From the first day of our salvation, each one of us should be actively and faithfully participating in sharing and spreading the gospel of Jesus Christ. That doesn’t mean that we need to go door to door, or to talk to every single stranger we meet, but it does mean to be faithful in sharing our faith as the Lord provides opportunity with those He brings our way. That consists of family, friends, co-workers, school-mates, and other obvious associations and opportunities.
Sharing our faith doesn’t mean forcing the door down, but simply being ourselves, being who we really are in Christ. It means sharing what Jesus means to us, and how He has changed our lives. However, it also means that we should have a good understanding of the gospel message so we can lead someone to faith in Christ as God opens that door.
Local churches too, have been commissioned to declare the good news about the risen Savior. Pastors should faithfully proclaim the gospel of Jesus Christ without compromise. The tendency today is to present a shallow message, so shallow and so lacking, that one may not understand enough to get saved. The more a person knows and understands about Jesus, and salvation through Him, the better equipped they are to make a decision for Christ. We can never give too much information about Jesus, but we can definitely give too little.
So many churches hesitate to talk much about sin. In fact, some churches even avoid using the word “sin” so not to offend. Sin is what separates us from God, and sin is what sent Jesus to the cross in payment for our sins.

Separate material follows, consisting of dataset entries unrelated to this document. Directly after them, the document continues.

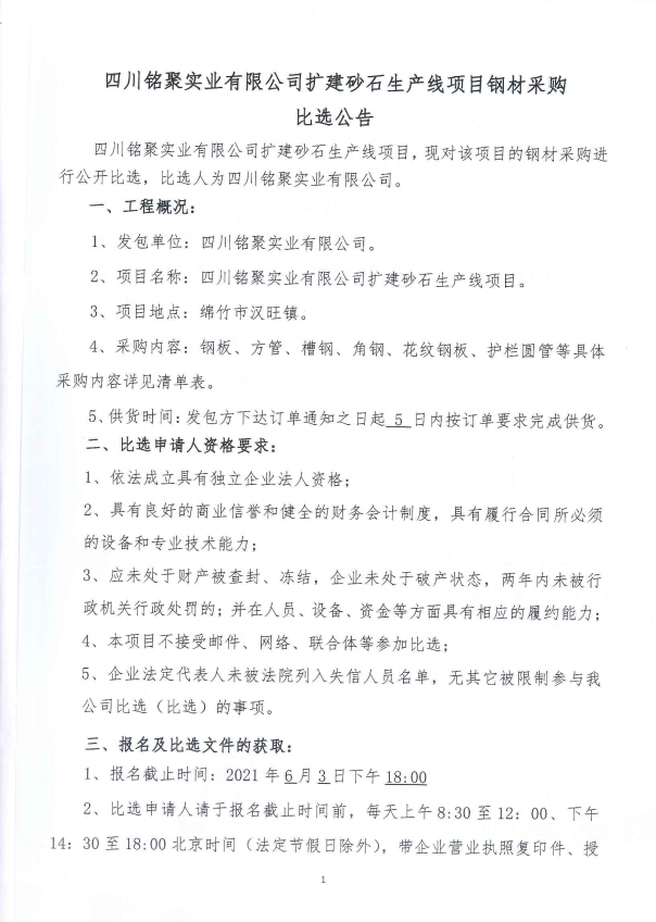 銘聚公司擴(kuò)建砂石生產(chǎn)線項(xiàng)目鋼材采購(gòu)比選公告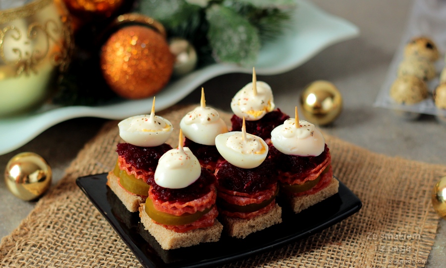 Koreczki z salami i jajkami przepiórki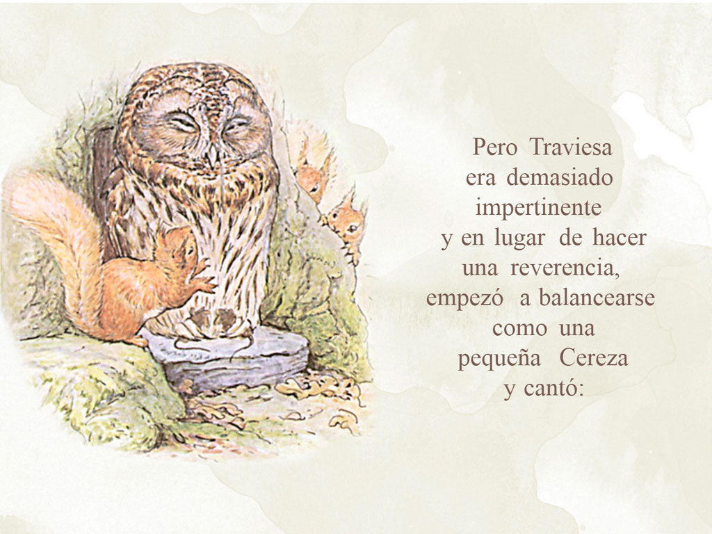 Un grupo de ardillas, entre las cuales se encuentra Traviesa, han decidido atravesar el lago que lleva hasta la isla del viejo Búho, Sr. Marrón, para buscar provisiones para el invierno. Pero mientras sus hermanas se ocupan de llevar presentes al Búho y pedir amablemente que les permita recoger nueces y otros víveres, Traviesa se las arreglará para acabar con la paciencia del viejo gruñón.
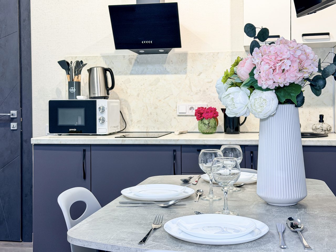 Апартаменты оснащены кухонной зоной, на которой гости могут готовить свои любимые блюда. Пообедать можно в одном из ближайших кафе.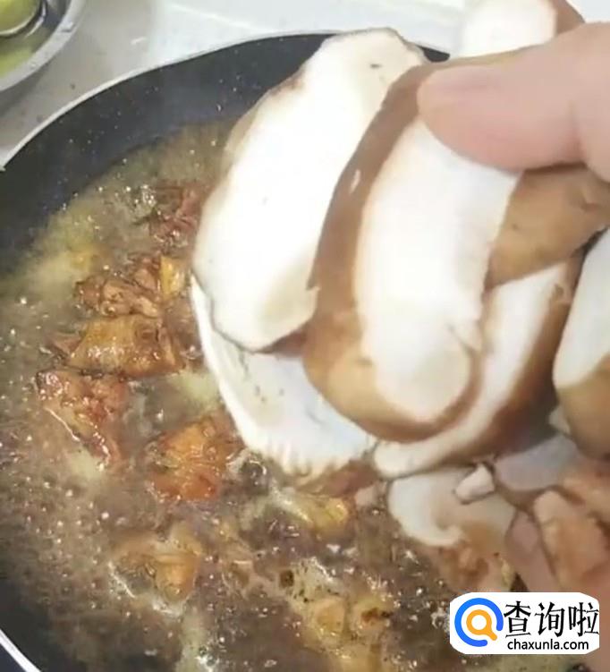 再把备好的蘑菇切成长块,放入锅中。
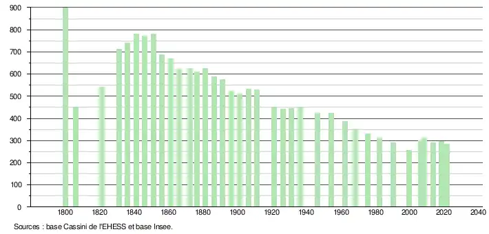 | L'évolution du nombre d'habitants est connue à travers les recensements de la population effectués dans la commune depuis 1800. Pour les communes de moins de 10 000 habitants, une enquête de recensement portant sur toute la population est réalisée tous les cinq ans, les populations légales des années intermédiaires étant quant à elles estimées par interpolation ou extrapolation[25]. Pour la commune, le premier recensement exhaustif entrant dans le cadre du nouveau dispositif a été réalisé en 2008[26]. En 2021, la commune comptait 285 habitants[Note 4], en diminution de 1,04 % par rapport à 2015 (Lot-et-Garonne : −0,66 %, France hors Mayotte : +1,84 %). |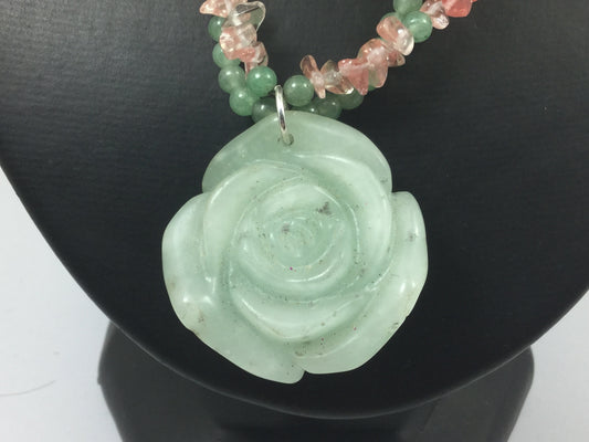 Adjustable Silver Jade (Dream Stone )And Rose Quartz (Stone Of Gentle Love )Necklace Double Strand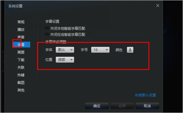 如果你的电影的字幕是电影文件自带的,就没办法了!因为电影和字幕已经捆在一起了!就像电影的一部分!你想放大电影的一部分是不行的! 如果是另外的字幕的话!对播放窗口右键------字幕-----样式设置 这可以设置的!怎样设置迅雷看看的默认字幕?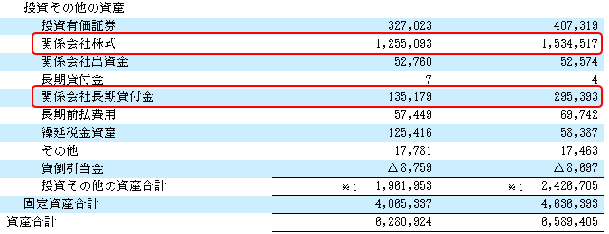 日本製鉄は膨大な資産を保有してますが、その資産のうちで投資に関する科目をみると、今年3月の決算期では、前期に比較して関係会社の株式の取得、関係会社への長期的な貸付金の増加が目立ちます。この2の科目で約4,400億円の支出増となっています。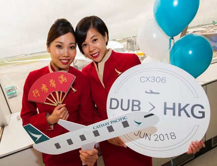 Christine Wang and Winnie Phan at the gate ceremony for the inaugural flight from Dublin to Hong Kong, June 2, 2018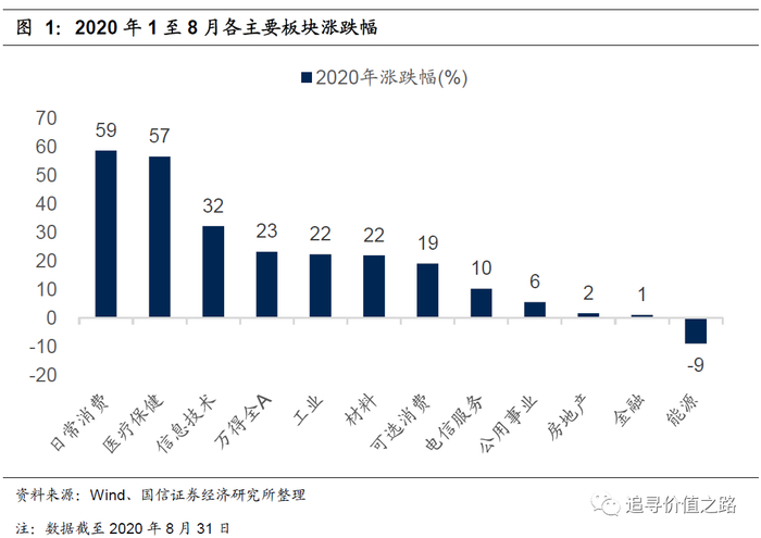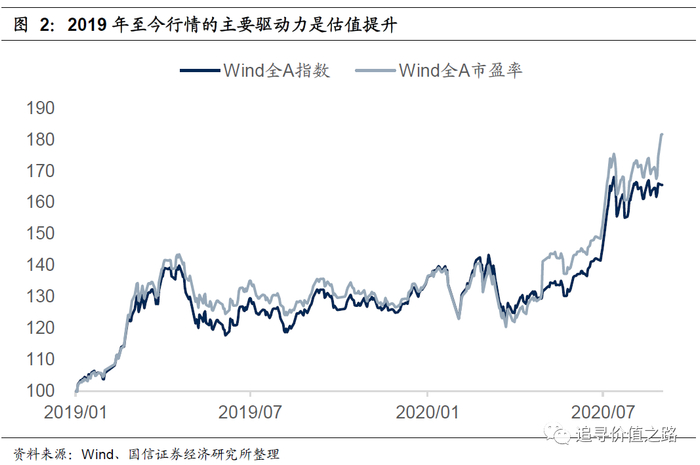 从行情的驱动力来看,这两年的行情可以归纳为「生拔估值」行情,即指数的涨幅主要是由估值提升驱动。对比指数价格与市盈率的走势,很容易可以发现这点,考虑到去年全年全部A股盈利增速非常低,而今年由于疫情影响截止中报全部A股公司盈利是负增长的,实际上,市场整体估值提升的幅度要大于指数的涨幅。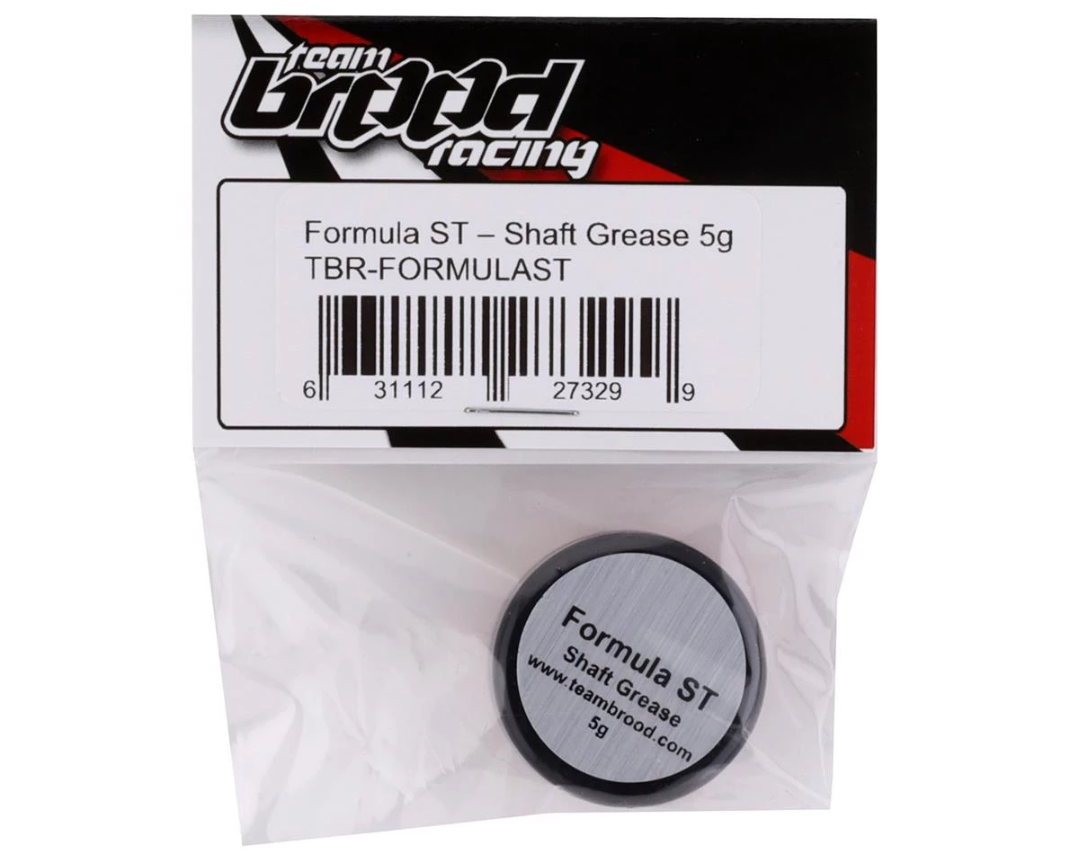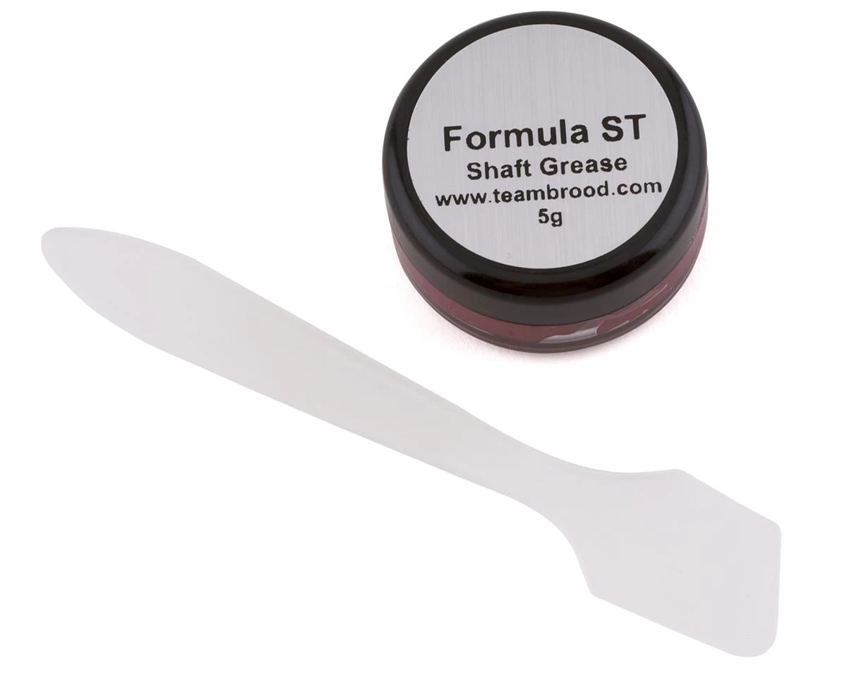 The Team Brood Formula ST Shaft Grease is a synthetic grease that provides exceptional film strength and shear resistance for exceptional shaft protection. With superior adhesion properties that allow the shaft to stay lubricated while resisting moisture allowing the grease to stay in place, especially in metal to metal mating components. Package includes one five-gram tub of grease and one applicator.Â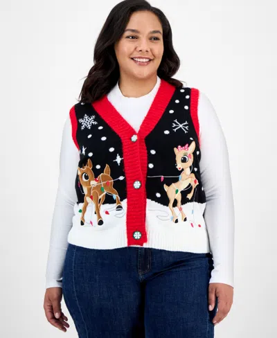 Trendy Plus Rudolf V-neck Button-front Vest In Black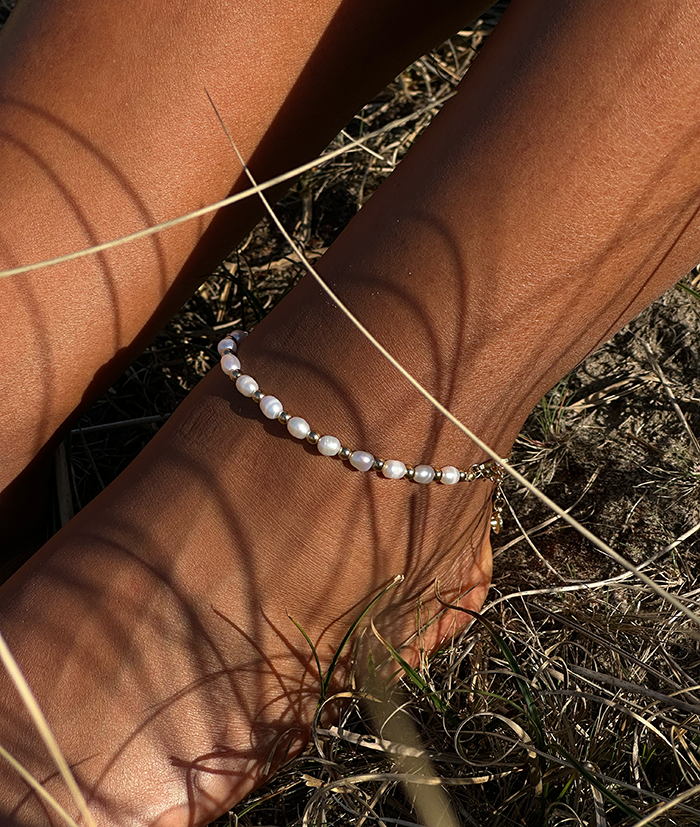 Fotlänk av äkta sötvattenspärlor mixade med kulor i stål.

Sin must be discussed, and the consequences of sin must be understood by those in need of Christ.
Along the same lines, hell is also a word that churches tend to avoid. A person must know what they’re being saved from. The lake of fire is a reality for those who die in their sins (Rev 20:15). To avoid discussion about hell is irresponsible. Jesus talked plenty about it , and the Bible overall has plenty to say about it.
Yes, discussion about the personal relationship with God that we gain through faith in His Son is necessary, but that’s only half the story. The other half is where we will spend eternity if we don’t obtain this relationship with God.